Astronaut photograph ISS016-E-18385 was acquired on December 23, 2007, with a Kodak 760C digital camera fitted with a 400 mm lens, and is provided by the ISS Crew Earth Observations experiment. The image was taken by the Expedition 16 crew, and is provided by the Image Science & Analysis Laboratory, Johnson Space Center. The image in this article has been cropped and enhanced to improve contrast. Lens artifacts have been removed. The International Space Station Program supports the laboratory to help astronauts take pictures of Earth that will be of the greatest value to scientists and the public, and to make those images freely available on the Internet. Additional images taken by astronauts and cosmonauts can be viewed at the NASA/JSC Gateway to Astronaut Photography of Earth. Caption by William L. Stefanov, NASA-JSC.

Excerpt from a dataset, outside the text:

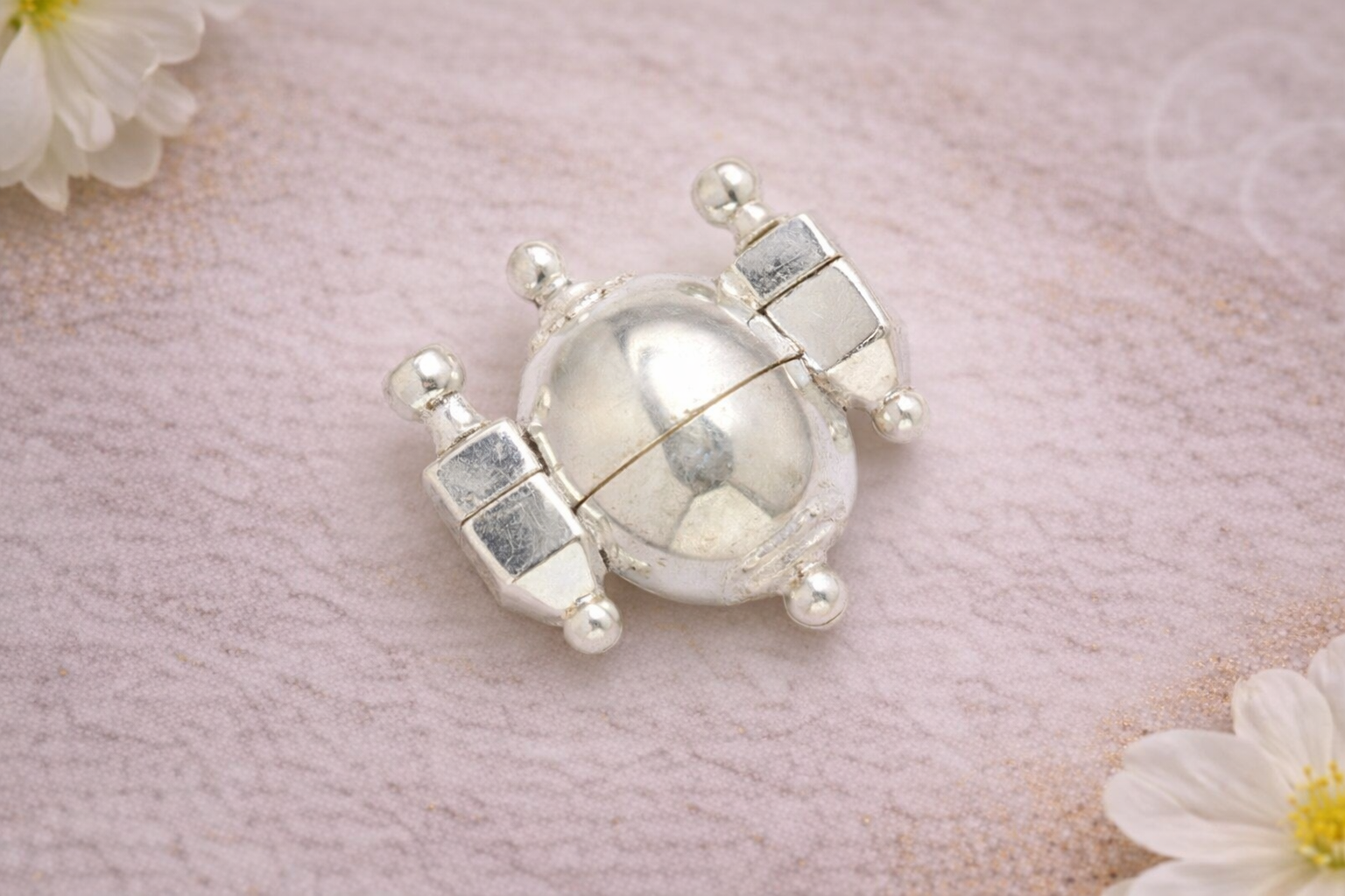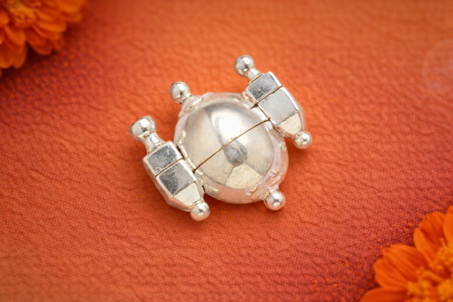 The Pendant Q Silver Religious Pendant is a compact devotional jewellery piece designed with a symmetrical, amulet-inspired structure that reflects traditional spiritual symbolism. The pendant features a central spherical form securely enclosed within a balanced metallic framework, accented with rounded end details that give it a distinctive and sacred appearance. Its structured geometry represents protection, faith, and continuity, making it suitable for everyday spiritual wear.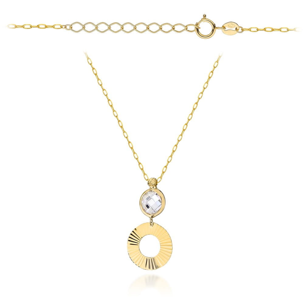 Naszyjnik złoty z białym kamieniem i diamentowanym ringiem

The Luquillo Mountains are located in the northeastern portion of Puerto Rico, and they rise to elevations of 1,075 meters (about 3,527 feet). The mountains are mainly made up of volcanic rock that was uplifted by tectonic activity between approximately 37–28 million years ago. (Puerto Rico is located between the junction of the North American and Caribbean tectonic plates.) Prevailing easterly winds bring moisture from the Caribbean Sea, which becomes precipitation as the winds cross the mountains. Higher elevations receive more rainfall than lower elevations, leading to subtropical forest types in the lowlands and high-mountain forest types near the summits. This astronaut photograph, taken during the rainy season, illustrates the rich vegetation on the mountains.

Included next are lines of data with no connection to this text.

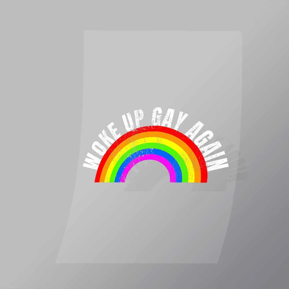 A great Woke Up Gay Again DTF (Direct to Film) Transfer available in multiple sizes. (Beased on width at artwork aspect ratio)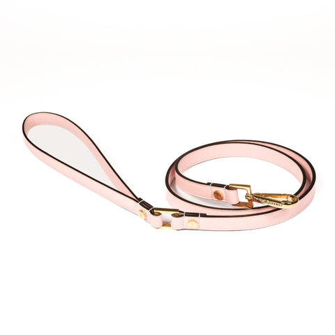 Calfskin nappa leather leash with brass lock worked with gold plating. Perfect to combine with all collars and harness.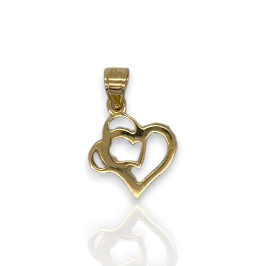 Double Heart Cz Pendant - 10K Yellow Gold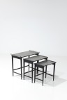 Set of three nesting tables, model no. 423 Tin and stained birch Edited by Svenskt Tenn Model created circa 1930 H 56×L 66,5×W 34cm H 49,5×L 53,5×W 29,5cm H 45,5×L 46×W 27cm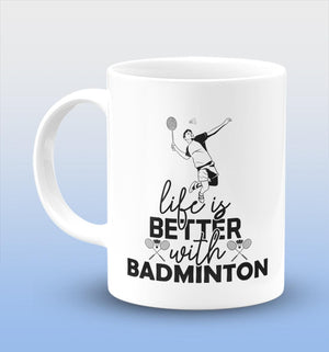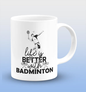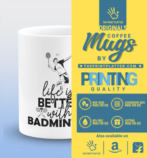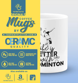 Life is Better With Badminton White Cermic Coffee Mug 330 ml, Microwave & Dishwasher Safe| CM-R169
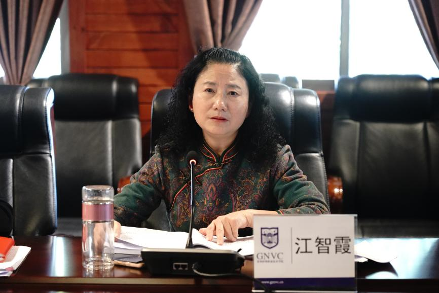 江智霞作题为《培根铸魂育新人 踔厉奋发谱新篇》的中心发言。她从“以忠诚为底色,党建引领促发展”“以人才强支撑,多措并举抓队伍”“以育人为根本,五育并举育新人”“以改革促发展,凝心聚力强内涵”“以交流拓视野,开放合作谱新章”五个方面,分享了自己的学习体会和推动学院高质量发展的深入思考

The rapid transition between ecosystems based on elevation, along with land use history and exposure to frequent natural disturbances such as hurricanes, makes the Luquillo Mountains an ideal location for ecological study. The Luquillo Experimental Forest Long-Term Ecological Research (LTER) site is contained within the Luquillo National Forest, covering much of the mountains to the southwest of the city of Luquillo (lower left). Past human activities, including logging, agriculture, charcoal production, and coffee plantations, have determined much of the current ecosystem structure. Results of research at Luquillo Forest indicate that the island’s forest ecosystems recover more rapidly from natural disturbances (like hurricanes) than they do from human disturbance.